*Assignment*
Please give the lines below again exactly as they stand, from the one that contains "Years of accumulation" up to and including the one that contains "Tablette de chocolat", leaving all pictures out.

*Records shown*
•••

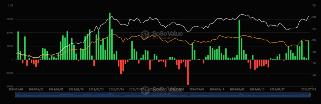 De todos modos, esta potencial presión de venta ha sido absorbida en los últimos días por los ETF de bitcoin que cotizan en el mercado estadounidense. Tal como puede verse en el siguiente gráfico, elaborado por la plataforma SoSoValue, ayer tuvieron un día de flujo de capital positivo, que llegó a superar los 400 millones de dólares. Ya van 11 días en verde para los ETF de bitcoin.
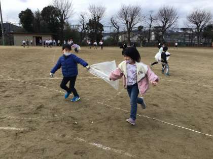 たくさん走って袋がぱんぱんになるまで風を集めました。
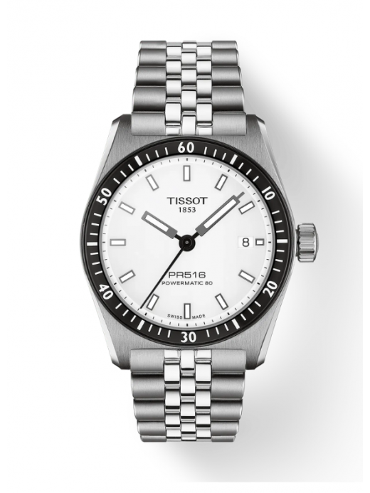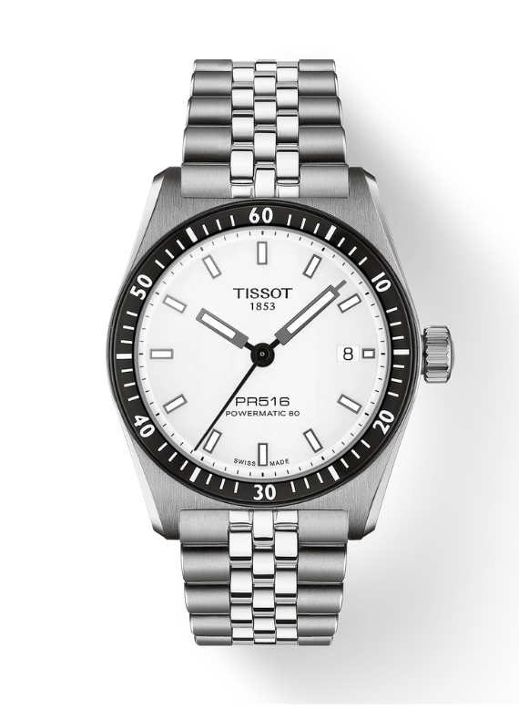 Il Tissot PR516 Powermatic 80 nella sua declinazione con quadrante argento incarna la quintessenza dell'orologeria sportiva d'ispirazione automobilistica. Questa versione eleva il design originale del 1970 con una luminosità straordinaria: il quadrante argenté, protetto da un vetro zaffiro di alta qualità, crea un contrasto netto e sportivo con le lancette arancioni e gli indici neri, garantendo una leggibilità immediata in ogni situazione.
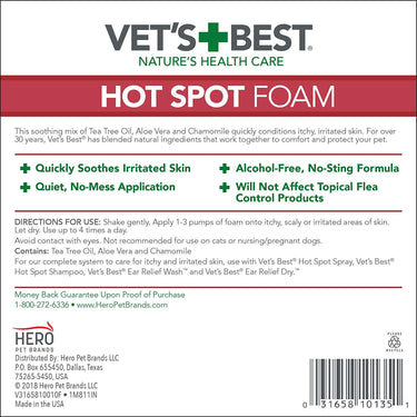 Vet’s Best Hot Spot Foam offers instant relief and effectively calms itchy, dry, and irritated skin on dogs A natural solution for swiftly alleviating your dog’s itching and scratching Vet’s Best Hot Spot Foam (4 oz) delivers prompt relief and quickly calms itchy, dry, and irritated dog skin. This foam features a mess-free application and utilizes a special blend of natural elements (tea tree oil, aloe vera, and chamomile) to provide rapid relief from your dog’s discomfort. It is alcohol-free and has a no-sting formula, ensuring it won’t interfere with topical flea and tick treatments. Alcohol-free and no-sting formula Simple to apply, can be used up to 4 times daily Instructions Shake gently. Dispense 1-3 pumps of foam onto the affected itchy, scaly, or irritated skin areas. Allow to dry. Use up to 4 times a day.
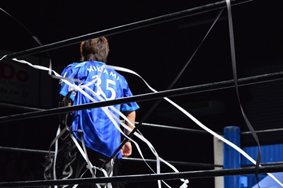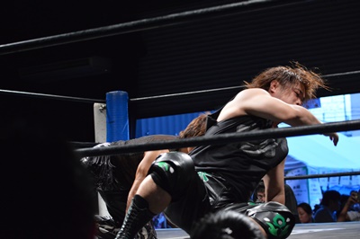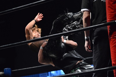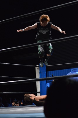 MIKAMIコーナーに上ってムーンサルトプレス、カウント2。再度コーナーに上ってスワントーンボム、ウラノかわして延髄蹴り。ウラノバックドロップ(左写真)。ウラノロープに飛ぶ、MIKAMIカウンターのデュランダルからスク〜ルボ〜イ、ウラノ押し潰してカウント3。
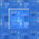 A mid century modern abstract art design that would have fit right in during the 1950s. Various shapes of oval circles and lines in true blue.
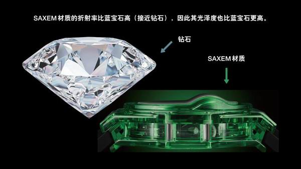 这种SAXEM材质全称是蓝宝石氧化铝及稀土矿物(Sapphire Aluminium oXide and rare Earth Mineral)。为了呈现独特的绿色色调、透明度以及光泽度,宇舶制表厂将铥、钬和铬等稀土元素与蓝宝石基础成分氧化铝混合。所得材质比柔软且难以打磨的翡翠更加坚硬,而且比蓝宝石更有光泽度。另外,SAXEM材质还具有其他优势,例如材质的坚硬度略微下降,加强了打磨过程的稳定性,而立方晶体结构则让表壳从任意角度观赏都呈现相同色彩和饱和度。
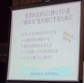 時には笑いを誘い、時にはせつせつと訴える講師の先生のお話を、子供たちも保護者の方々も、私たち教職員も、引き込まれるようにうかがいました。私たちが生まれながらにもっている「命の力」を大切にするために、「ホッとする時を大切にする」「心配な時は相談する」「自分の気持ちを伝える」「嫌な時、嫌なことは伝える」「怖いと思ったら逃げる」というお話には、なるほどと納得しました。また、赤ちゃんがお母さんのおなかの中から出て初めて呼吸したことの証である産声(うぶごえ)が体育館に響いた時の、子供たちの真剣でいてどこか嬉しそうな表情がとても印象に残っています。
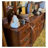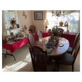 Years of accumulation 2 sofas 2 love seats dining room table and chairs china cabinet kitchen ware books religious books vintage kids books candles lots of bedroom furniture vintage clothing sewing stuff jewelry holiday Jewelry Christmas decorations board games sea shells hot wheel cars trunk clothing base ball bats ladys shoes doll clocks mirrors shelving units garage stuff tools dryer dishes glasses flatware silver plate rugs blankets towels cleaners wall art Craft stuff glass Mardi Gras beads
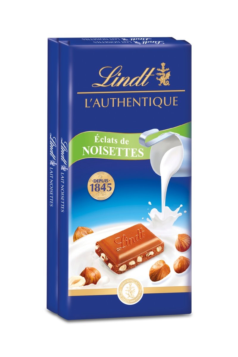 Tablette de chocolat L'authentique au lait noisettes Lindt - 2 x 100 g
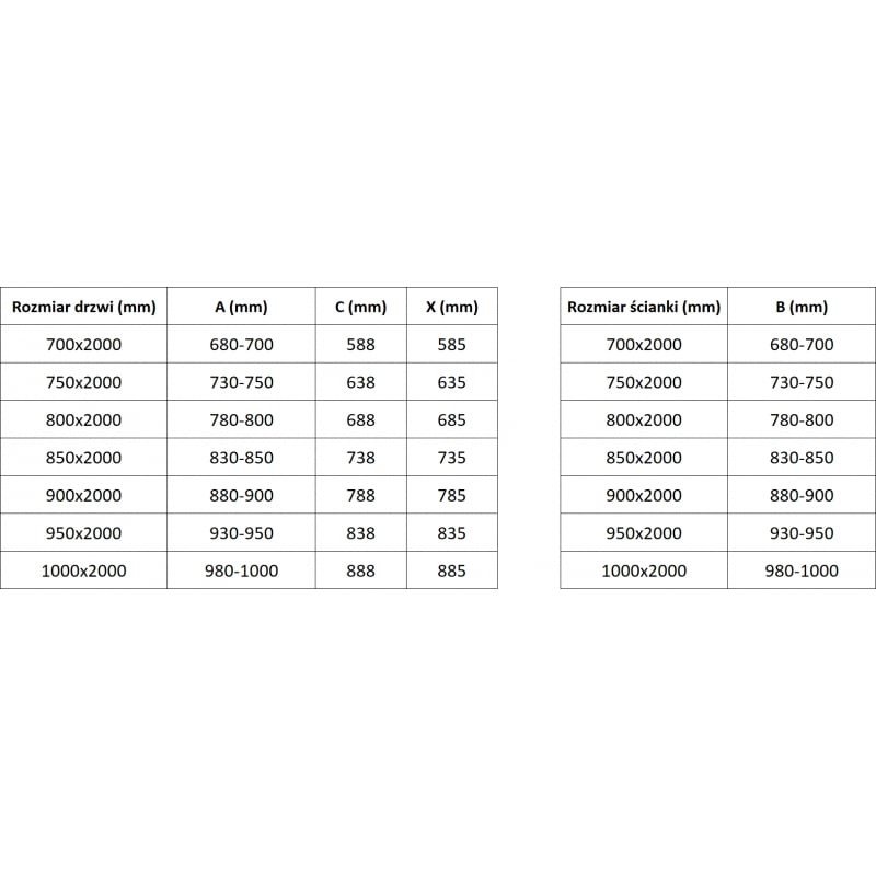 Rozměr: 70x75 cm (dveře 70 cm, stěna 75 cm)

•••

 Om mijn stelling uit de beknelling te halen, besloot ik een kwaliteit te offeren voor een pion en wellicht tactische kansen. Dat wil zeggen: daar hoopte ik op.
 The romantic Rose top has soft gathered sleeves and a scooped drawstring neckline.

•••

*Output*
 Years of accumulation 2 sofas 2 love seats dining room table and chairs china cabinet kitchen ware books religious books vintage kids books candles lots of bedroom furniture vintage clothing sewing stuff jewelry holiday Jewelry Christmas decorations board games sea shells hot wheel cars trunk clothing base ball bats ladys shoes doll clocks mirrors shelving units garage stuff tools dryer dishes glasses flatware silver plate rugs blankets towels cleaners wall art Craft stuff glass Mardi Gras beads
 Tablette de chocolat L'authentique au lait noisettes Lindt - 2 x 100 g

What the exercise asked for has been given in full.